No significant correlation observed between the P300 latency and mean response time (r=0.1689, r2=0.029, p=0.19), while significant negative correlation between N2-P3 amplitude and mean response time found (r=-0.59, r²=0.35, p<0.001) (Pearson correlation analysis)

µv: microvolts; ms: milliseconds.

Discussion

We aimed to examine the relationship between age and visual P300 components in the early developmental ages, i.e., childhood and adolescence age groups. We also sought to examine the behaviour of P300 components with mean response time in the younger age groups. 

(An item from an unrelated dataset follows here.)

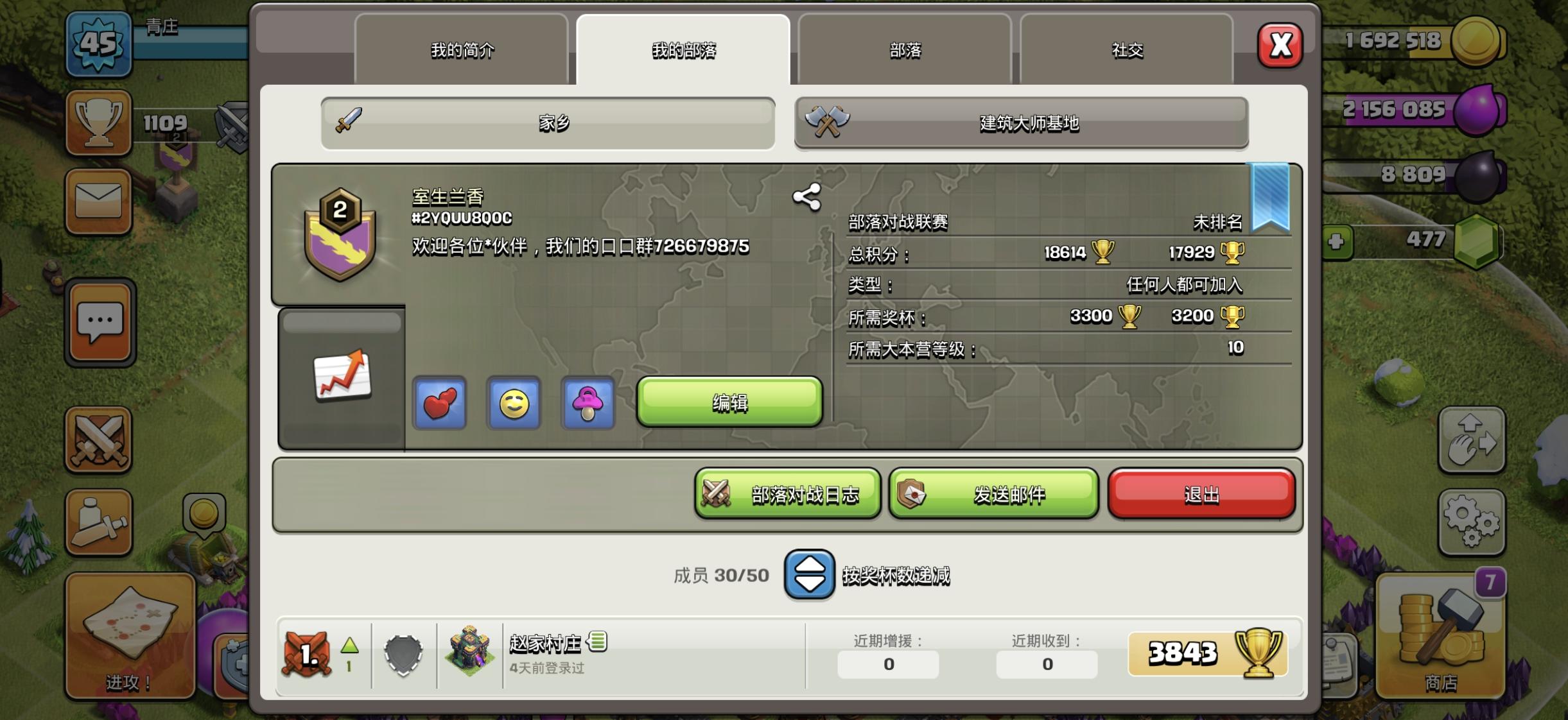 部落标签: #2Q20ULUY0 (国际服)部落联赛: 金杯3部落都城:5级部落概述:休闲部落,竞赛能满,部落战连开,联赛报名参加加入要求:只要每周打部落都城即可,要打联赛的尽量加一下群,部落QQ群:650718550

P300 latency demonstrated a characteristic decline in the childhood age group. We found that the majority of the latency reduction (up to 307.06±16.4 ms at Pz) was evident until the group 2 (8-11 years age group). It further decreased until the age of 18 years, but the difference was not statistically significant (groups 2-3, 2-4, and 3-4 (p>0.05); Tukey HSD; one-way ANOVA; Table 1). A greater decline until 11 years of age was therefore noticeable. Picton also suggested a more marked decrease in latency between the ages of 5 and 12 years, in line with our study [17]. Researchers have reported minimum latency values between 15 and 20 years of age [17]. We noted a similar decrease until 18 years of age. Katsanis et al. also reported a similar association between age and latency, indicating that P300 latency continues to decrease until late adolescence [16]. Tsai et al. found a similar association in children using the auditory oddball paradigm [18]. Previous researchers have reported a similar relation of P300 latency with age in children and adolescents [19-21]. However, Brown et al. reported no association between age and latency in a sample of 25 individuals who ranged in age from 15 to 45 years [22]. The above inconsistencies do not appear to be related to stimulus modality because researchers have found auditory and visual paradigms to have similar developmental trends during adulthood [23]. Variations in the methodologies used could explain the observed discrepancies. Researchers have described the P300 latency as a measure of the speed and efficiency of information processing in the brain. The plausible explanation offered for the decrease in latency observed during the adolescent years is the rapid development in the cortical association areas and the development of cognitive processes more effectively in terms of resource allocation with respect to time [10]. In addition, the visual P300 latency values obtained in our study (335.53±17.44 at Cz and 341.53±14.9 at Pz) were shorter than those of auditory P300s in young children [24].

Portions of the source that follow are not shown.